# ATTN MSI x570 Tomahawk owners, the new BIOS 1/04/2021 just released



## Space Lynx (Jan 5, 2021)

I have not done much yet, but I did a quick OC on ram, ran cinebench and stable so far.

Lot's of testing to go 

DL link:   https://download.msi.com/bos_exe/mb/7C84v153.zip


Main link:  https://www.msi.com/Motherboard/support/MAG-X570-TOMAHAWK-WIFI


edit:  so far stable, 30 more mins of testing ram at 4000 (2000 fclk) and all stable.  amazing...  temps across the board from cpu to ram have also dropped 7 celsius with this bios... was not expecting that  

edit 2:  if i enable Smart Access Memory the 4000 ram oc is no longer stable for some odd reason.  with it disabled its rock stable, even at 1:1 2000 fclk.

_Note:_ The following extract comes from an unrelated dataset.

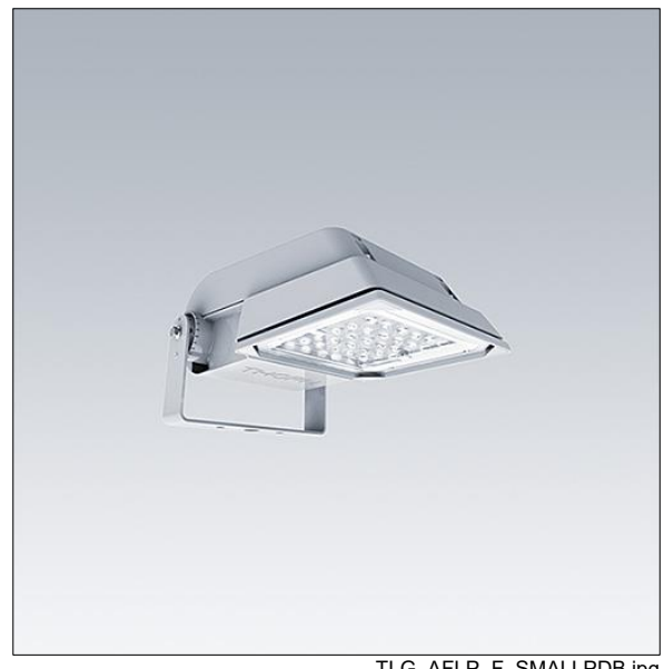
TLG AFLP F SMALLPDB.jpg

AMD is really frustrating/annoying sometimes lol


----------



## Anvirol (Jan 5, 2021)

So far I've tested RAM at 4000 MHz, but I can't boot into Windows with higher than 1866 FCLK.. I've got BAR/SAM enabled though. I'll try if disabling has any effect.

First Ryzen 5000 bios could boot into Windows with 4000:2000 MHz but that version had the WHEA issue..


----------



## Space Lynx (Jan 5, 2021)

yeah, I settled for "Memory Try it"  3600 cas 14-14-14 + SAM enabled + PBO Enhanced Mode

thats fully stable and getting great scores. so im happy  /shrug


----------



## Space Lynx (Jan 6, 2021)

just an update - im 100% stable now with a 4.6 all core oc in mobo with loadline calibration at mode 4 - 1.360 volt and SoC voltage at 1.15- and "msi's memory try it" feature 3466 cas 14-14-14 - all fully stable no more crashes in WoW, i was stable in post 3 in benchmarks but not in World of Warcraft.  now im stable in World of Warcraft and benches... so overall I am pretty happy. was hoping for better but this is still good. 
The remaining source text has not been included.